NOVEMBER 20: The Magic are re-signing small forward James Ennis on a one-year contract, The Athletic’s Shams Charania tweets.

Orlando acquired Ennis from Philadelphia in a trade deadline deal in February. He started 18 of 20 regular-season games with the Magic, averaging 8.5 PPG, 4.8 RPG and 1.1 APG in 24.5 MPG.

Ennis has also played for Miami, New Orleans, Memphis, Houston and Detroit in his journeyman career. In 347 career appearances, he’s averaged 6.5 PPG and 3.3 RPG in 20.1 MPG. He’s a career 35.0% 3-point shooter.

Ennis had a player option worth $2.13MM but he declined it in order to test the free agent market. He wound up right back where he started and could be the team’s starting small forward, depending upon how the remainder of the team’s offseason plays out.

James Ennis Declining Option, Will Become Free Agent

Magic swingman James Ennis will turn down his player option for the 2020/21 season and become a free agent, sources tell Shams Charania of The Athletic (Twitter link).

Ennis’ option was worth the veteran’s minimum ($2.13MM), so there’s little risk in declining it in search of a more favorable deal. If he ends up on another minimum deal, it’d be worth about $2.03MM, so his pay cut would be minimal.

Ennis, who re-signed with the 76ers as a free agent last summer, averaged 5.8 PPG and 3.1 RPG in 49 games (15.8 MPG) as part of Philadelphia’s rotation. However, when they went out and acquired Alec Burks and Glenn Robinson III at the trade deadline for depth purposes, the Sixers decided to move Ennis, sending him to Orlando for a second-round pick.

With the Magic, Ennis recorded 8.5 PPG and 4.8 RPG on .451/.286/.838 shooting in 20 games (24.5 MPG). He also started all five of Orlando’s playoff games.

And-Ones: Option Decisions, Avdija, Draft, Onuaku

With the NBA season over and 2020’s free agent period approaching (eventually), John Hollinger of The Athletic takes a look at all 43 team and player option decisions that must be made this fall, evaluating which options are likely to be exercised and which will be turned down.
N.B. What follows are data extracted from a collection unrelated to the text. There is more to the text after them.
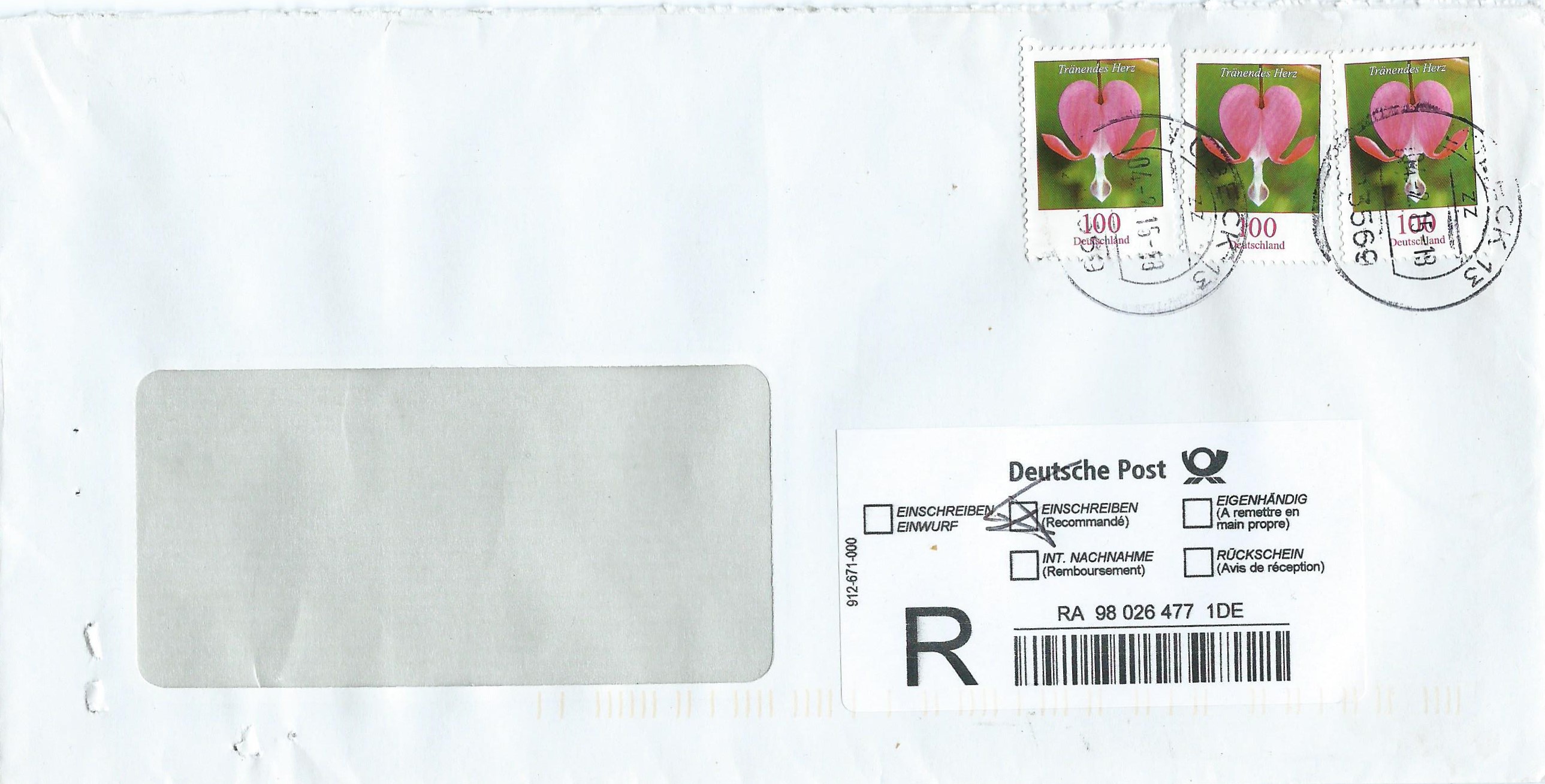 Heute beginne mal mit einer Mehrfachfrankatur: 3 Werte der Blumendauerserie zu 1 € als Einschreiben-Frankatur. Das Porto setzt sich wie folgt zusammen: Brief bis 50 gr. 85 ct und 215 ct für (Übergabe-) Einschreiben sind genau die 3 verklebten Euro. Abgestempelt 23569 Lübeck 13 am 4.2.15.
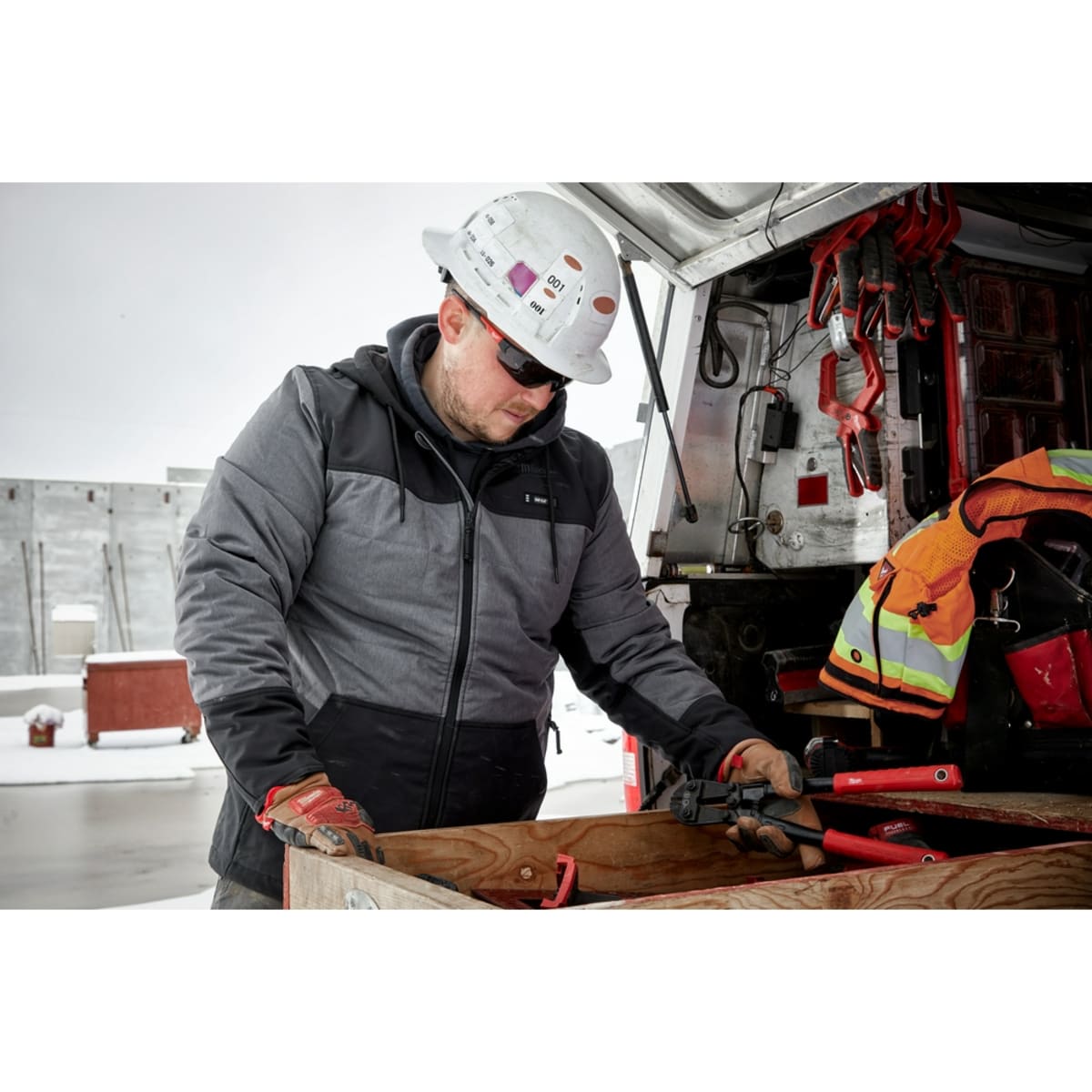 The Milwaukee M12 Heated AXIS Jacket, part number 205G-212X, offers robust heat management. This jacket integrates advanced heating technology powered by M12 REDLITHIUM battery, featuring carbon fiber heating elements for quick and effective warmth distribution. The design includes a three-panel hood and multiple heating zones, effectively targeting the chest, back, and shoulders for enhanced comfort during outdoor activities.
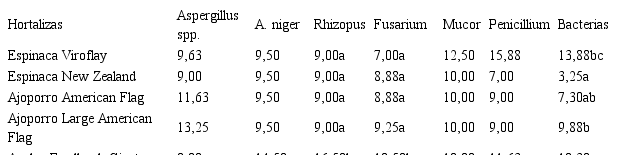 La mayor incidencia del hongo Aspergillus se observó en ajoporros American Flag y Large American Flag; la de los hongos Aspergillus niger y Fusarium spp., se presentó en el material acelga Foordhook Giant; mientras que la del Mucor sp. estuvo en la espinaca Viroflay; finalmente, la frecuencia más alta de bacterias se encontró en la acelga Foorhood Giant.
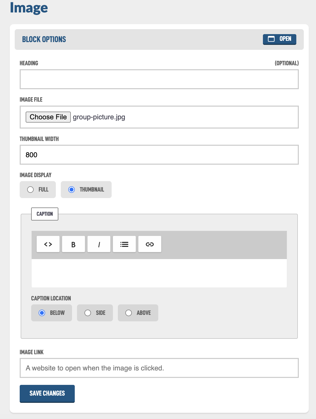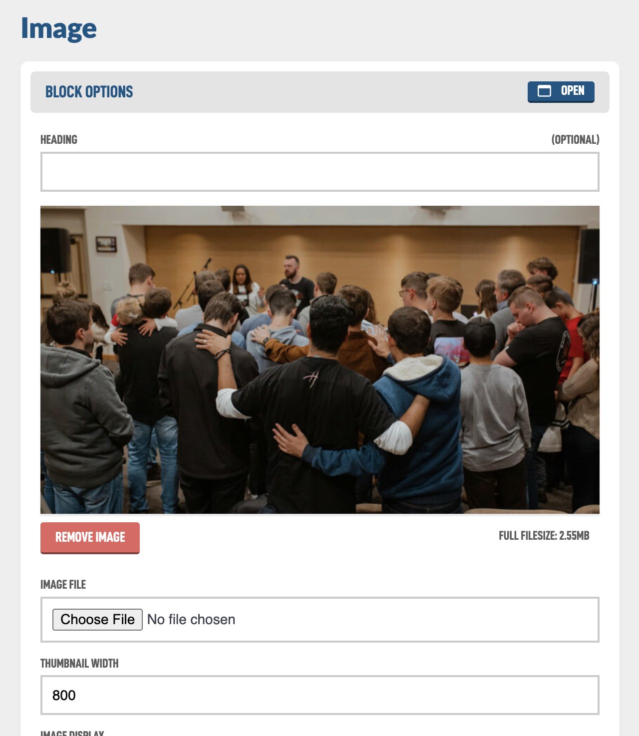 You start with the same Heading option, all blocks have a Heading option for consistency. Then you can choose the main Image File you want to add.
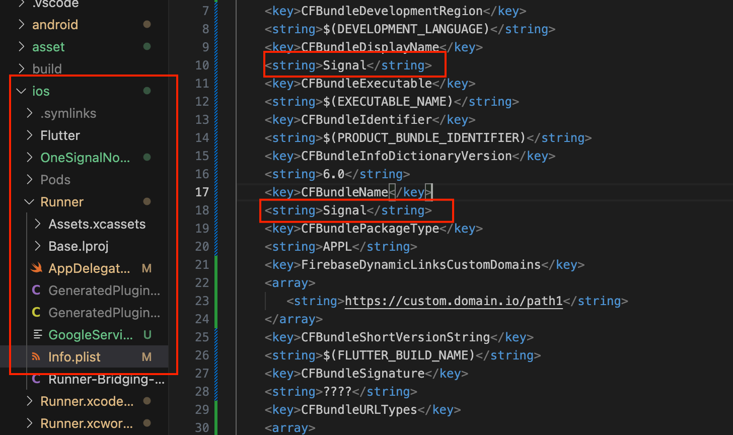 - In your project directory, go to "ios/runner/info.plist". Find "CFBundleDisplayName" & "CFBundleName", Replace Signal" to yourApp-Name
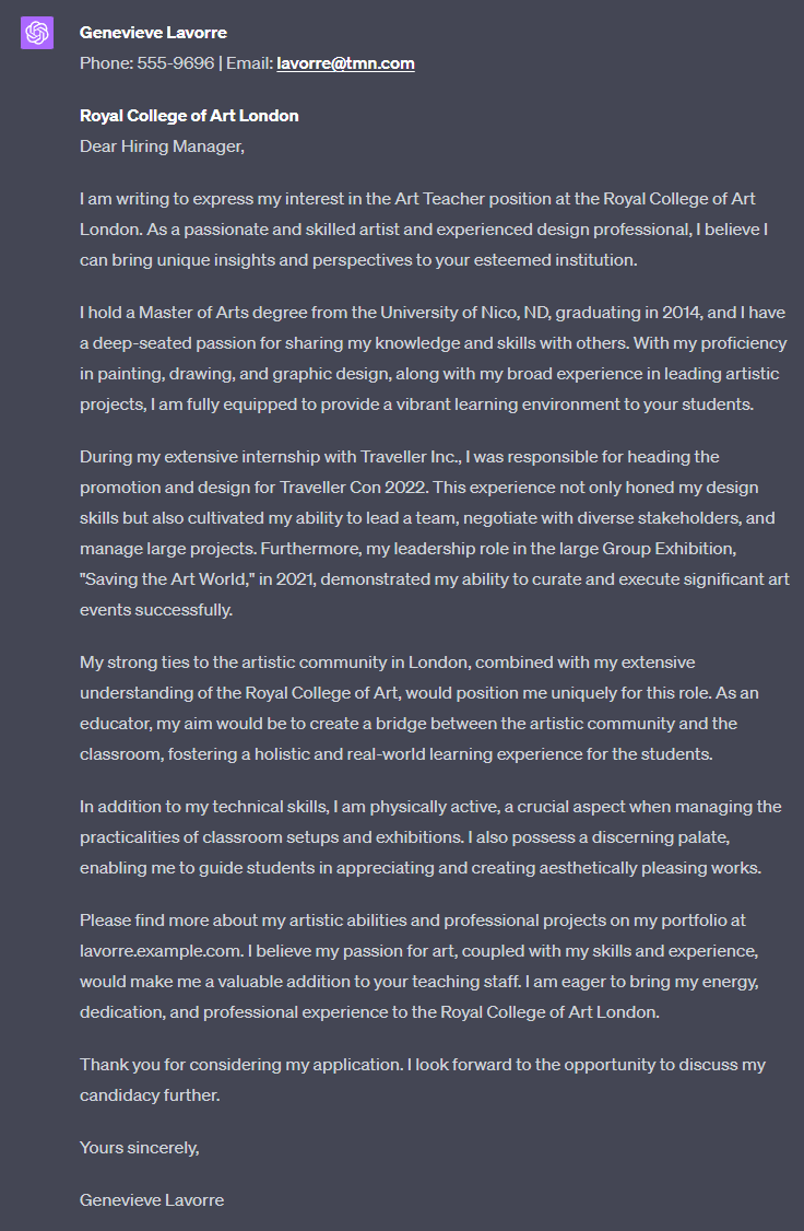 Create a Cover Letter for me, Genevieve Lavorre. Graduated in 2014 from the University of Nico, ND, with a master's degree in arts. Completed an extensive internship with Traveller Inc., where I was the head promoter and head of design for Traveller Con 2022. In addition, I led a large Group Exhibition called "Saving the art world" in 2021. Can you create a new resume emphasizing my education, skills, and experience? I am trained and proficient in painting, drawing, and graphical design. My portfolio is available at lavorre.example.com . Contact information: E-mail: lavorre@tmn.com, Phone: 555-9696. I also have experience with tough negotiations, am physically active, and have a discerning palate. I am looking for a job at the Royal College of Art London as a teacher. I have deep ties to the artistic community of London, and because of my extensive knowledge of the school, I would be uniquely qualified. If you need any more information to continue, ask.

While Anthony Davis and Jerami Grant are viewed as the only locks to decline their respective player options this offseason, Hollinger identifies seven more players who he thinks will opt for free agency: Kentavious Caldwell-Pope, Rajon Rondo, JaVale McGee, Wesley Matthews, Austin Rivers, Willie Cauley-Stein, and James Ennis.

With the exception of Caldwell-Pope, McGee, and Cauley-Stein – who is technically earning slightly above the minimum – those players are all on minimum-salary deals, so it won’t be a surprise if they explore the open market, even if they have to settle for another minimum contract. However, KCP’s case should be interesting — his $8.49MM option for 2020/21 is close to mid-level territory, but he could still probably do better after an impressive showing in the NBA Finals.

Here are more odds and ends from around the basketball world:

  • ESPN’s Brian Windhorst and Bobby Marks take a look at next steps for the NBA, including what next season’s schedule might look like and when roster moves might resume. While there’s currently a freeze on transactions, team executives confirmed to ESPN that the moratorium will be lifted and trades will be permitted before the draft on November 18.
  • Kevin O’Connor of The Ringer and Jeremy Woo of SI.com have each published updated versions of their mock drafts for 2020. Both draft experts have Anthony Edwards going No. 1, but O’Connor has a surprise pick at No. 2, penciling in Deni Avdija. League executives expect Avdija to “enter the mainstream conversation as a top-three pick” in the coming weeks, according to O’Connor.
  • Former NBA big man Chinanu Onuaku has reached an agreement to sign with Croatian team KK Zadar, a source tells Emiliano Carchia of Sportando. Onuaku was the 37th overall pick in the 2016 draft, but didn’t see much action in two seasons with Houston, appearing in just six total games before being traded and waived.